IND chief urges Faber to delay two-tier asylum system

The head of the immigration service IND has urged asylum minister Marjolein Faber to hold off with plans to introduce a two-tier system for incoming refugees until new European rules have been implemented.
Rhodia Maas warned MPs that officials were likely to be overstretched if Faber’s plans were not streamlined with the European Commission’s pact on asylum and migration, which comes into force next June.
The PVV minister wants to create two classes of refugee, an “A status” for people who face persecution in their own country and a “B status” for those who are fleeing war, natural disaster or other circumstances.
A similar system was abandoned in 2000 because of the high number of legal cases brought by asylum seekers who wanted to upgrade their B status. Under Faber’s plan “class B” refugees would have fewer rights, including a ban on family reunifications, and less chance of being granted residency.
Maas told a roundtable consultation in parliament that experience showed around three-quarters of refugees who were placed in the lower class lodged appeals.
The IND currently has capacity to process 30,000 asylum applications a year and a backlog of 50,000, she said.
Simultaneously the service is having to implement the EU rules, which are designed to tighten external border controls while distributing refugees fairly around European member states.

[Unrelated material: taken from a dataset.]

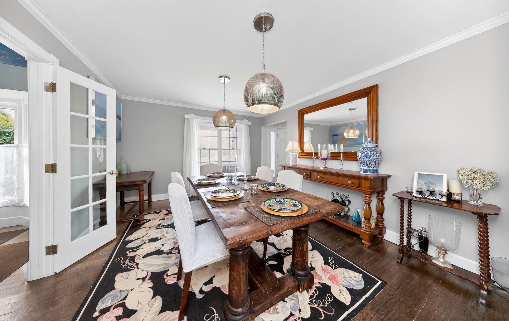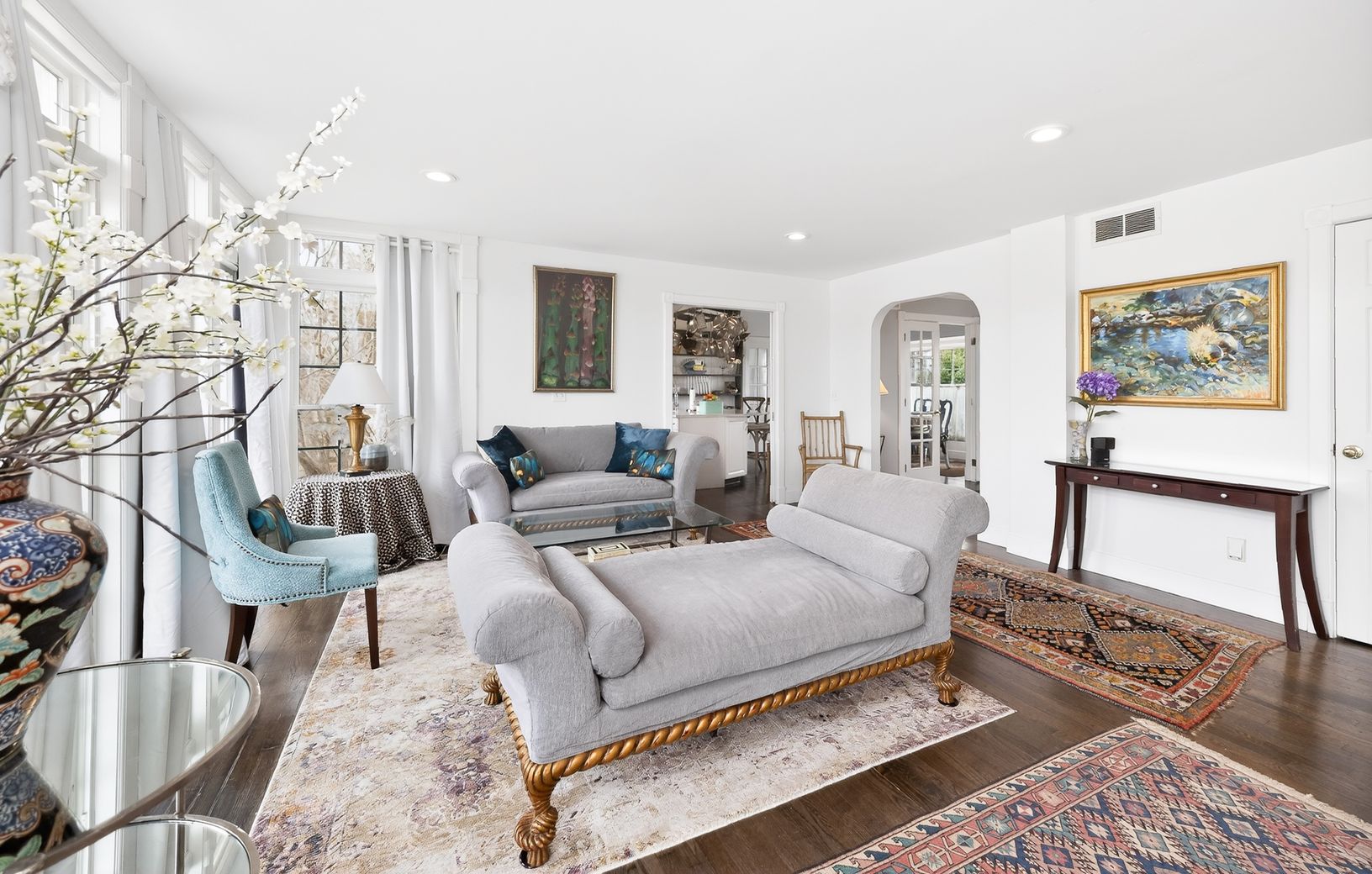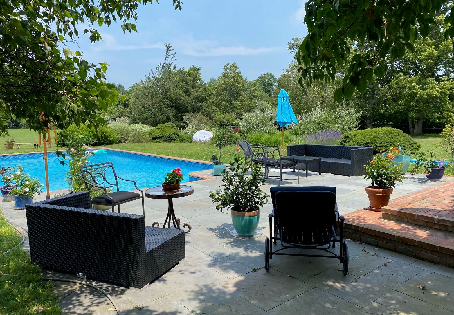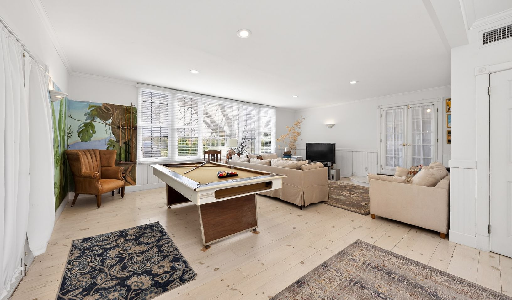 Nestled in beautiful horse country yet just moments from the village, this private 4-acre estate offers the perfect blend of country tranquility and convenience. The home features four bedrooms, each with a full en suite bath, plus a guest half-bath. The main-floor suite includes a king bed; two upstairs bedrooms offer queen beds; the fourth upstairs bedroom has a king that can convert to twins. New kitchen opens to large, welcoming living spa

Each country will have to accept a minimum number of asylum seekers and have to pay €20,000 per person if they fail to meet it.
Maas urged MPs to “let the introduction of the two-status system dovetail with the implementation of the pact.”
But PVV party leader Geert Wilders, who made introducing the “strictest asylum policy ever” the top priority of the right-wing cabinet, said in a social media post that he would not tolerate any further delay to the plans.
He dismissed the IND’s objections as “obstructionism”, adding: “This is all taking far too long and we need to do much more and at great speed!”